Task to carry out
Pictures in the data should be dropped; transcribe exactly the lines from the one that has "Personel gabungan TNI" through the one that has "Black Supercycle bicycle".
===== Exercise input
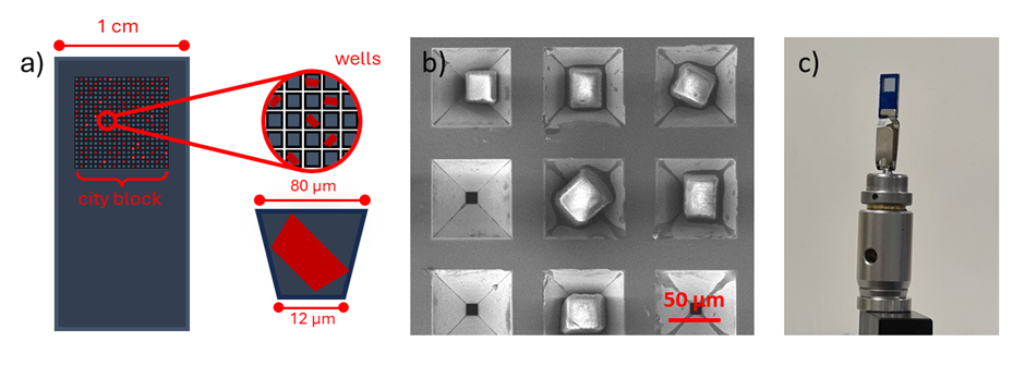 Figure 1 a) schematic description of components in a fixed-target grid, b) SEM image of a section of wells containing a single crystal (x270 zoom), c) an image of the fixed-target grid mounted at the data collection position.
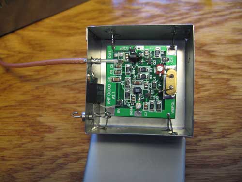 Suspended into the dead air space of the box, the board is secured to the sides using solid wires soldered to the corners as shown (it doesn't look securely fastened, but it really is). This was done to minimize heat loss into the enclosure. As an alternative mounting method, there are two 1/8" mounting holes in the board for use with 4-40 hardware. A TO-220 regulator chip, tab soldered to the inside of the box (left wall), is supplied 12v from a feed-through capacitor, and delivers the recommended 8v to the board. The output coax passes through a small hole drilled into the
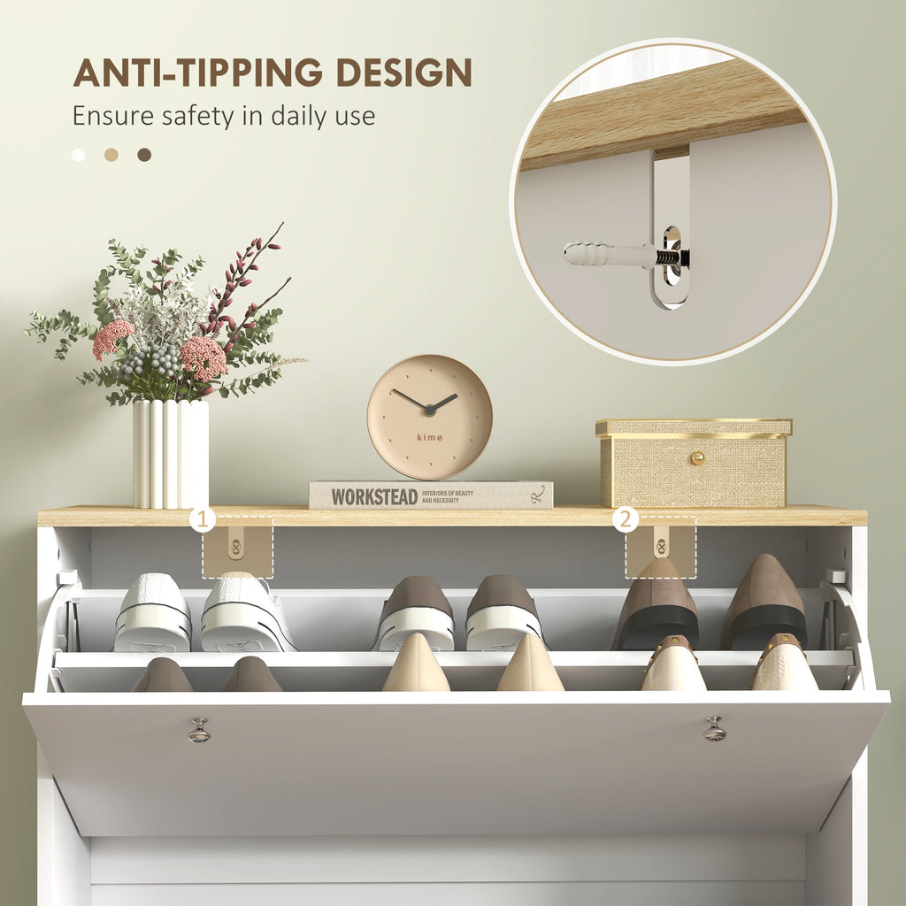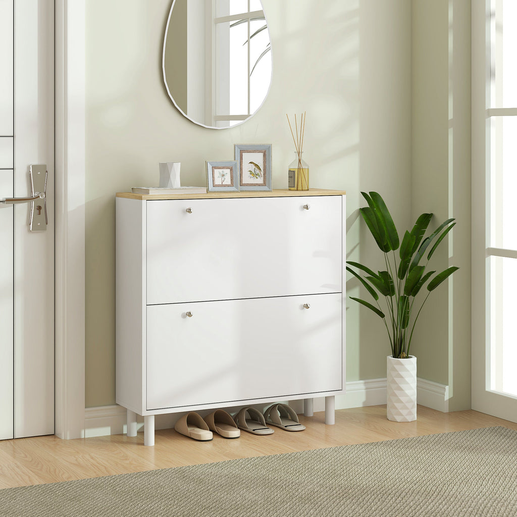 Keep your entryway neat and organized with this stylish narrow shoe cabinet. Featuring two flip drawers that can hold up to 16 pairs of shoes (size CA 10), this cabinet maximizes space while maintaining a tidy appearance. The adjustable two-level shelves offer versatile storage for shoes of various sizes. Its sleek, modern design includes a light oak wood grain top, silver round handles, and a solid color finish, making it a perfect complement to any entryway. Crafted with solid wood legs and an anti-tipping design, it ensures both stability and safety in your home. Easy assembly is required to complete this functional yet chic storage solution.
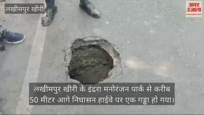 लखीमपुर खीरी के इंद्ररा मनोरंजन पार्क से करीब 50 मीटर आगे निघासन हाईवे पर एक गड्ढा हो गया। यह गड्ढा अंदर ही अंदर काफ़ी खोखला है। यह गड्ढा काफी खतरनाक है, जिससे कभी भी हादसा हो सकता है।
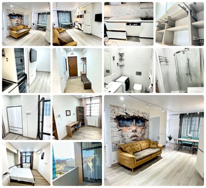 #For sale new apartment (1+1) 53.4 m2 in the BLUE SKY complex, with renovation and premium furniture and appliances. Block A. The complex is scheduled to be completed in September 2025. BLUE SKY is a multifunctional premium-class complex located in Batumi, at 14 Shartava Street, 250 meters from the sea. The BLUE SKY complex includes a casino; bowling entertainment center — entertainment areas for children; technical service; reception and concierge services; high-speed elevators. The apartment is located on the 28th floor with a view of the sea and Heroes' Alley. The apartment is rented with expensive appliances and furniture. Nearby is the UEFA football stadium. Excellent location on Heroes' Alley, the entire alley is within walking distance. The most touristy place in Batumi. Restaurants, pharmacies, banks, Carrefour supermarket, and Batumi Mall are within walking distance — a promenade alley to the beach to the singing fountains. It can be purchased with a mortgage, call or write WhatsApp
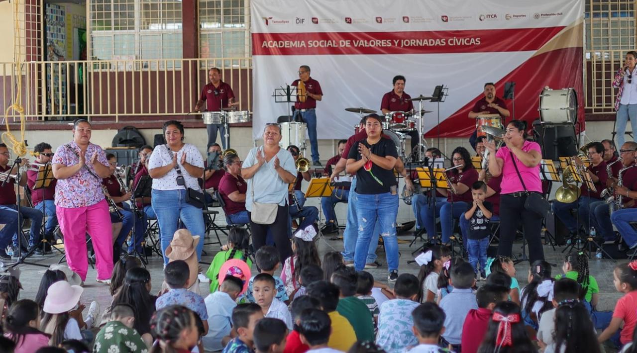Destacó la presencia de los integrantes de la Banda de Música del Gobierno del Estado, quienes motivaron gran alegría entre todos los asistentes mediante un mosaico musical de las diversas regiones de Tamaulipas, en el que sonaron el huapango, las polkas y el chotis, como una forma de preservar los valores y el folklore entre las nuevas generaciones, además de ejecutar melodías de personajes infantiles contemporáneos.
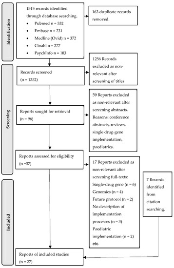 APA StyleYoussef, E., Bhattacharya, D., Sharma, R., & Wright, D. J. (2022). A Theory-Informed Systematic Review of Barriers and Enablers to Implementing Multi-Drug Pharmacogenomic Testing. Journal of Personalized Medicine, 12(11), 1821. https://doi.org/10.3390/jpm12111821
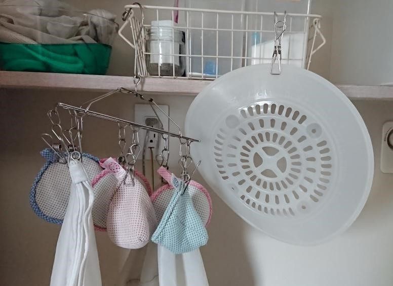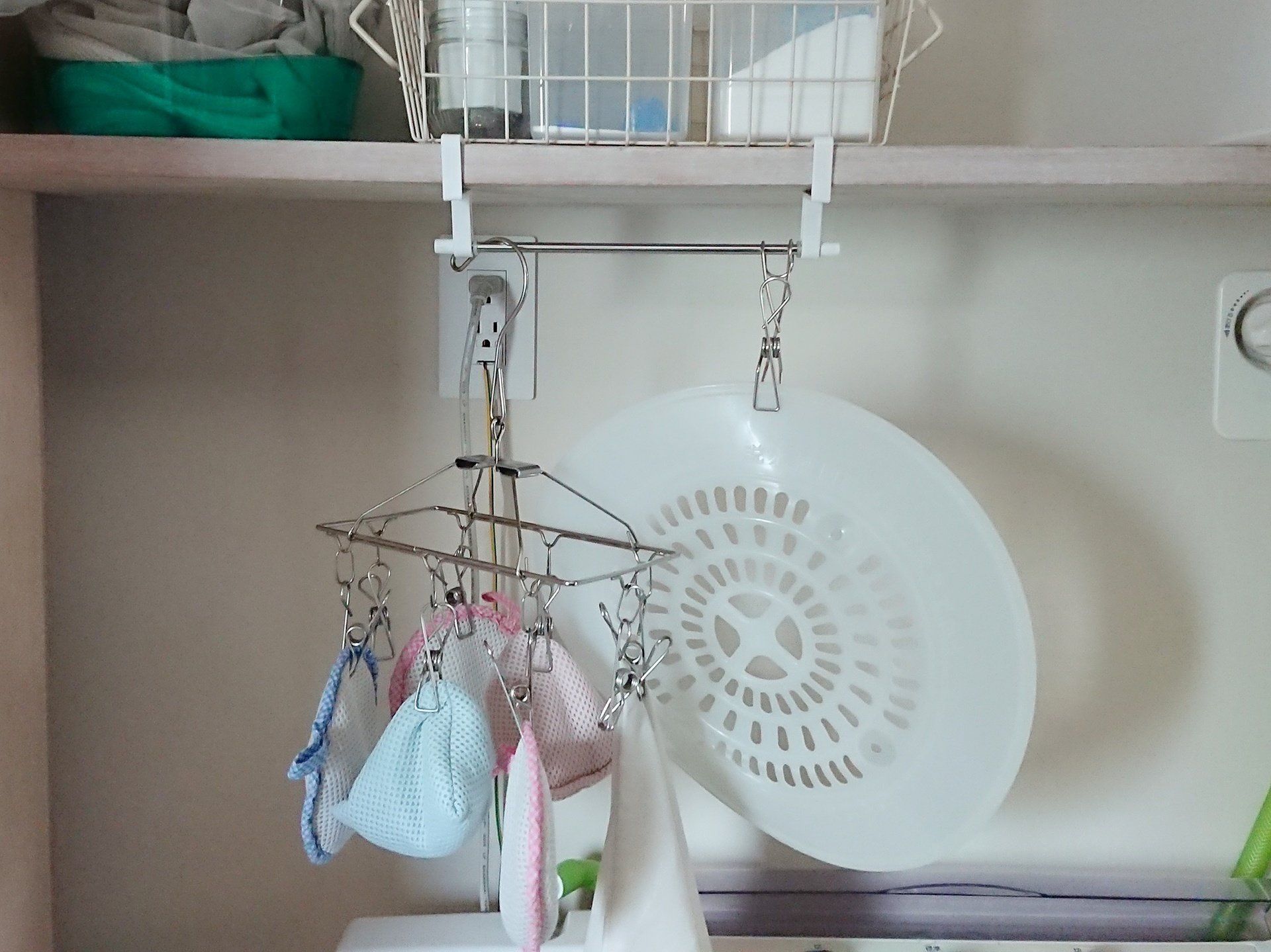 わが家の洗濯機上は写真のようにゴチャゴチャ……とくに気になるのが、洗濯につかうアイテムを吊るしているところ。洗剤を入れているカゴにひっかけているだけだったので、慌てて取るとカゴごとガシャンとかよくやっていました。
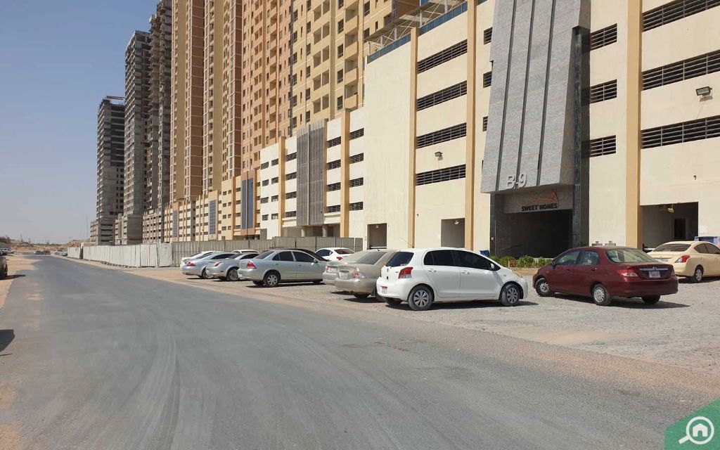 تم تخصيص الطابق الأرضي وأربعة طوابق أخرى لمواقف السيارات في برج بارادايس ليك B9.
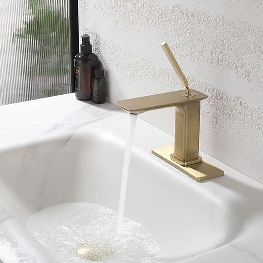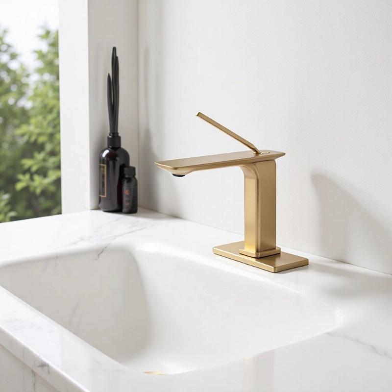 Robinet mitigeur de lavabo moderne en laiton à poignée unique, design contemporain, montage monotrou, pour salle de bain, finition brossée, céramique, WC
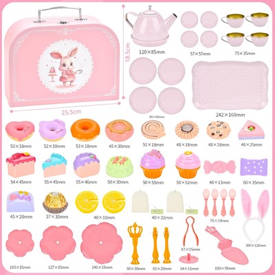 - شامل: چمدان، 1 سینی، 4 بشقاب، 4 نعلبکی، 4 فنجان، 1 قوری، 1 تل خرگوشی، 2 تی بگ، 2 لیمو، 18 کیک و شیرینی، 1 انبر کیک، 1 سینی طبقاتی کیک، 1 کاردک کیک، 4 قاشق چای خوری
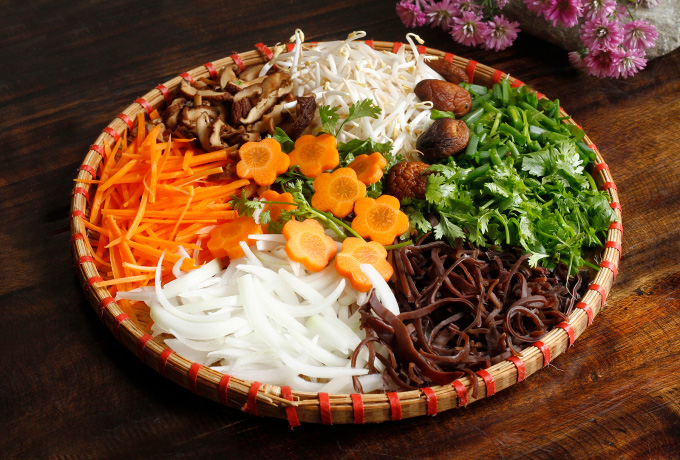 Các topping kèm theo khác (tùy chọn theo sở thích và theo mùa) như hành tây thái múi cau nhỏ, cà rốt thái sợi; nấm hương, mộc nhĩ ngâm nở rửa sạch, thái sợi; giá đỗ rửa sạch để ráo nước. Hành, mùi rửa sạch cắt khúc.
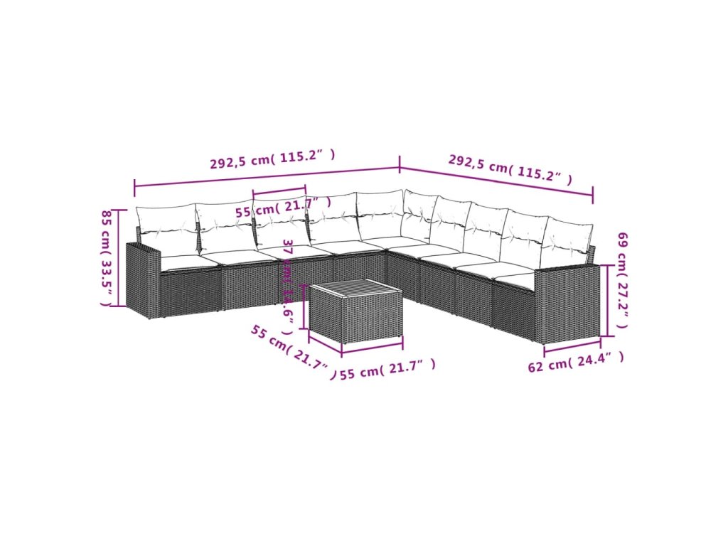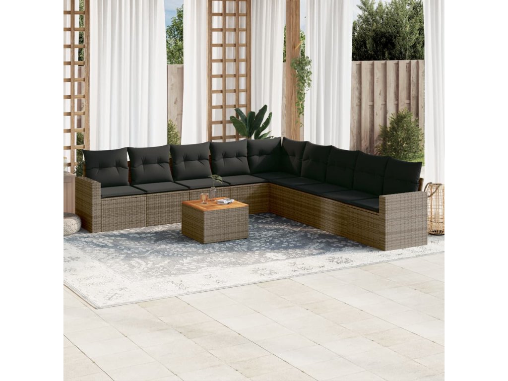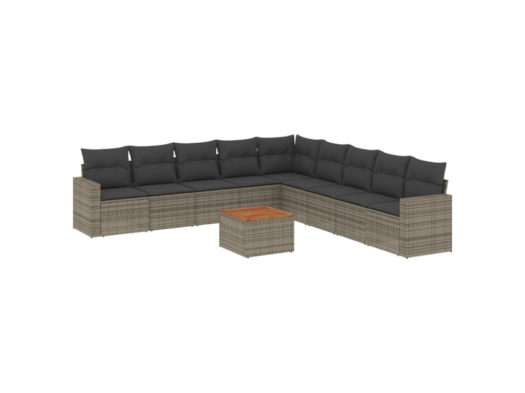 10dílná zahradní sedací souprava s poduškami šedá polyratan 3224170
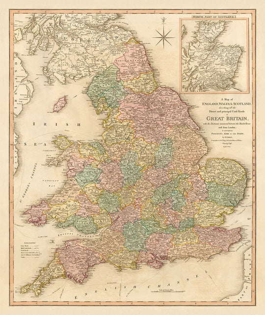 Alte Karte von Großbritannien, 1801 von Faden: England, Wales, Schottland, Straßen, Kanäle, Postkutsche
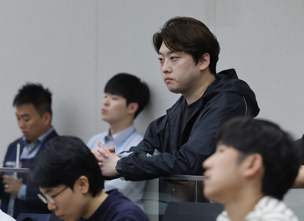 박단 대한전공의협의회(대전협) 비상대책위원장이 대한의사협회(의협) 회장의 '범 의료계 협의체' 추진에 대해 우려를 표했다. 박 위원장이 지난달 30일 오후 서울 종로구 서울대병원 제일제당홀에서 열린 서울대학교 의과대학-서울대병원 교수협의회 비상대책위원회 긴급 심포지엄에서 발표를 듣고 있다. /사진=뉴시스
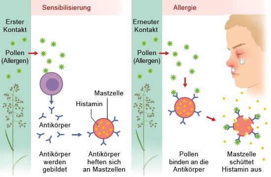 Übermäßige Immunreaktion auf ein normalerweise harmlose Stoffe (Antigen). |
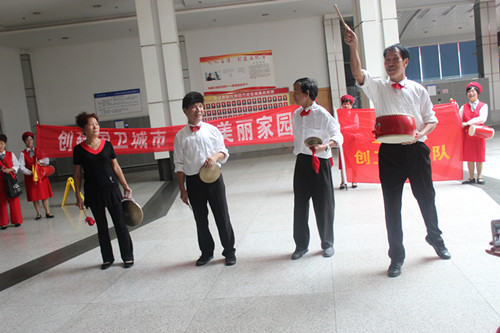 10月10日上午,蓮都區創衛宣傳隊走進客運西站,在候車室用他們自己編排的創衛節目向西站員工和過往旅客進行“創國衛”的宣傳。 宣傳隊員認真的表演,引來不少乘客駐足觀看。
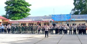 Personel gabungan TNI Polri laksanakan apel gelar pasukan Operasi Kepolisian Terpusat Ketupat 2026. (Foto: Penerangan Kodim 1708/BN)
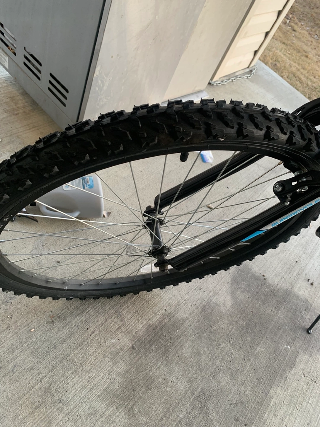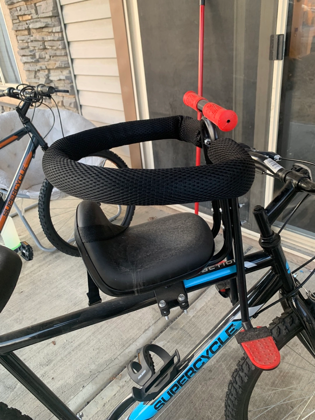 Black Supercycle bicycle with a front-mounted child seat. It features a durable frame and knobby tires. This bike is great for taking your little one along on rides! Child bike seat removable if not wanted but 25 if included brand new bike rode it a few times original seat included
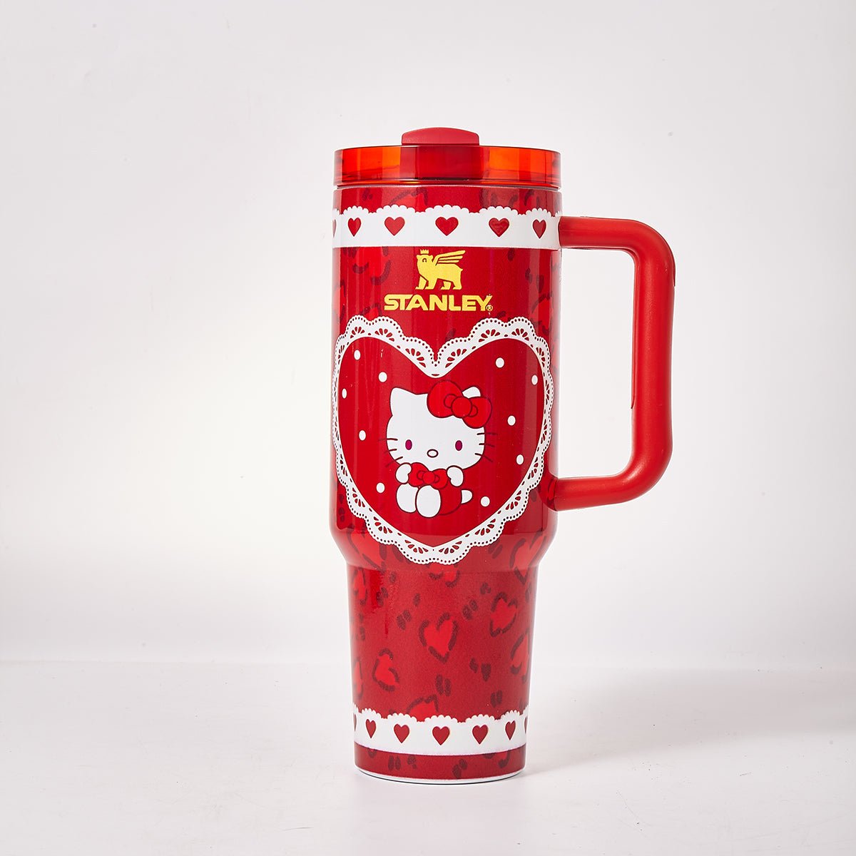 Bring playful charm to your daily hydration with the Stanley x Hello Kitty Sweet Hearts Luminous Tumbler - Limited Edition. Featuring adorable Hello Kitty artwork framed by sweet heart motifs, this exclusive design combines cute aesthetics with collectible appeal. The luminous finish glows in the dark, creating a unique look that stands out both day and night. Designed with convenience in mind, this tumbler includes a comfortable handle, a reusable straw topped with a heart detail, and a large capacity perfect for everyday use. The coordinated limited-edition packaging adds an extra touch of elegance, making it ideal for gifting or collecting. Whether you're heading to work, traveling, or relaxing at home, this tumbler delivers both style and functionality while celebrating the timeless charm of Hello Kitty.
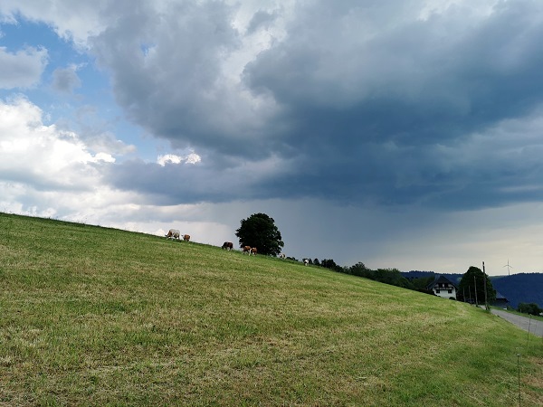 So kamen wir über die Platte am Plattenhof vorbei, wo Kühe und Pferde auf der Weide standen. Von da aus war es nicht mehr weit bis zum Auto, dabei kamen wir auch noch am Gschwinghof vorbei. Regen war bis dahin nicht gefallen, das Gewitter zog an der Region vorbei.
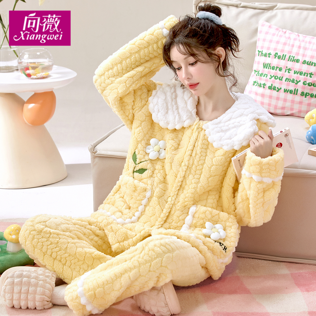 柔软舒适暖绒秋冬可外穿法兰绒家居服甜美可爱毛绒珊瑚绒睡衣套装
==========
Exercise solution
 Personel gabungan TNI Polri laksanakan apel gelar pasukan Operasi Kepolisian Terpusat Ketupat 2026. (Foto: Penerangan Kodim 1708/BN)
 Black Supercycle bicycle with a front-mounted child seat. It features a durable frame and knobby tires. This bike is great for taking your little one along on rides! Child bike seat removable if not wanted but 25 if included brand new bike rode it a few times original seat included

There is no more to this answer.